**Available data**
● ● ●

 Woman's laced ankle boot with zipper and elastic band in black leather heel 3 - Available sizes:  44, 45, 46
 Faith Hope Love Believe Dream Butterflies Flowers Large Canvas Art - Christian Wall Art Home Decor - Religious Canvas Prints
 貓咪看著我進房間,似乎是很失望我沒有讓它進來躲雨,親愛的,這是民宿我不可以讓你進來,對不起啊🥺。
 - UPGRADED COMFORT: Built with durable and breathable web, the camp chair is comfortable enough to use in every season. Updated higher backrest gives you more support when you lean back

● ● ●

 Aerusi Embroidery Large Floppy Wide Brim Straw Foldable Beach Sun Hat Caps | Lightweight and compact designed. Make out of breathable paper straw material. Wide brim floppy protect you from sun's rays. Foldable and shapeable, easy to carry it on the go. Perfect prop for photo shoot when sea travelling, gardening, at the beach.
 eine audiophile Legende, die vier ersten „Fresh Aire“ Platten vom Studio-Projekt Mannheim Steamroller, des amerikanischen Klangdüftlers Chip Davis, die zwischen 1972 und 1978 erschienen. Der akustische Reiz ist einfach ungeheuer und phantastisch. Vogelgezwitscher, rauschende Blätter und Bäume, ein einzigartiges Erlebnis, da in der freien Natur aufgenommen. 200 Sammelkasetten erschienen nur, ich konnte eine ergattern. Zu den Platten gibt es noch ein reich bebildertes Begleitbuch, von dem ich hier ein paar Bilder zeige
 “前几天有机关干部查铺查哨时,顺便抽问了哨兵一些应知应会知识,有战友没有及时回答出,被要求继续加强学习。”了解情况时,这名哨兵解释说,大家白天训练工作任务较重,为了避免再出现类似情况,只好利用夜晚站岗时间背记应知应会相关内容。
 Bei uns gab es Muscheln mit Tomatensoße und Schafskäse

● ● ●

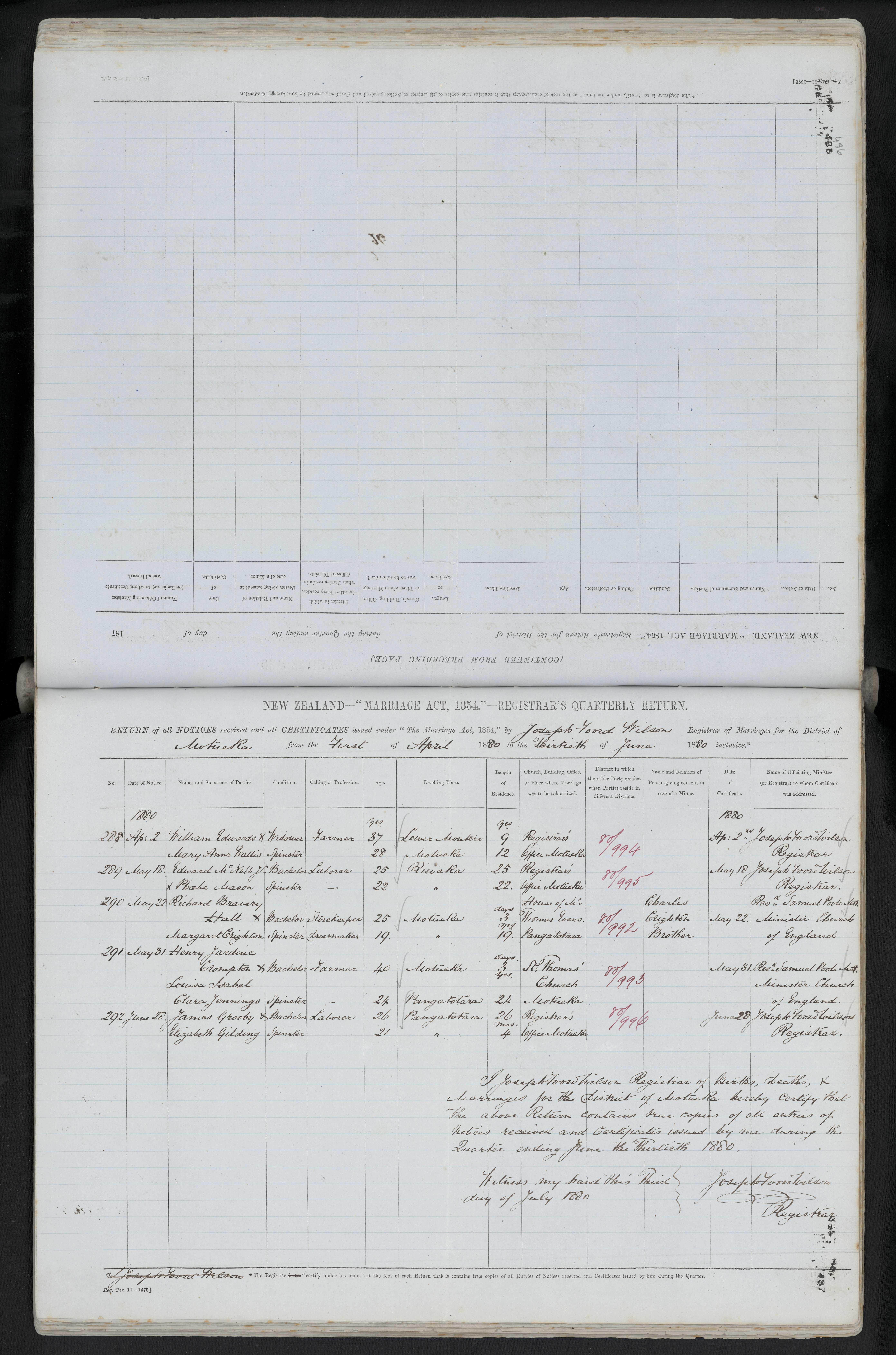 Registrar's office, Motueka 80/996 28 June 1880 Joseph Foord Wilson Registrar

● ● ●

**Task details**
Taking the listing above line by line, say how many lines include the string "Large", and give only that number.

**Answer**
2